Des spécialistes ont détecté des isotopes xénon-133 (133Xe) dans les échantillons d'air qui ont été prélevés en Corée du Sud après les trois derniers essais nucléaires effectués par les autorités nord-coréennes, lit-on sur le site du Comité pour la sécurité nucléaire de la Corée du Sud.

«Il ressort de l'analyse des échantillons récupérés jusqu'au 8 septembre par des appareils stationnaires installés à la surface de la terre qu'ils contenaient une petite quantité d'isotopes xénon-133.»

Actuellement, les experts analysent le déplacement de ces particules pour définir si ce produit de la fission de l'uranium s'était formé sur le territoire de la Corée du Nord.
Selon les spécialistes, le niveau de la radiation n'excède pas les normes sanitaires, la population et l'environnement sont hors du danger.

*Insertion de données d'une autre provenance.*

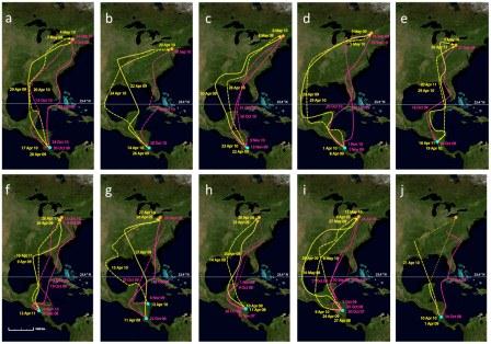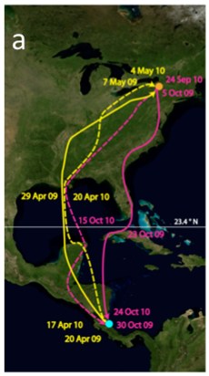 Images here are from the paper: Stanley CQ, MacPherson M, Fraser KC, McKinnon EA, Stutchbury BJM (2012) Repeat Tracking of Individual Songbirds Reveals Consistent Migration Timing but Flexibility in Route. PLoS ONE 7(7): e40688. doi:10.1371/journal.pone.0040688 [Creative Commons]

La Corée du Nord a annoncé dimanche avoir mené l'essai souterrain d'une bombe à hydrogène destinée à équiper un missile à longue portée. Le qualifiant de «réussite totale», Pyongyang a également affirmé que sa bombe H pouvait être montée sur un missile. Le test a provoqué deux secousses de magnitude 6,3 et 4,6. Il s'agit du sixième essai nucléaire réalisé par Pyongyang depuis 2006.

Dossier:
Essai souterrain d'une bombe H nord-coréenne (3 septembre 2017) (19)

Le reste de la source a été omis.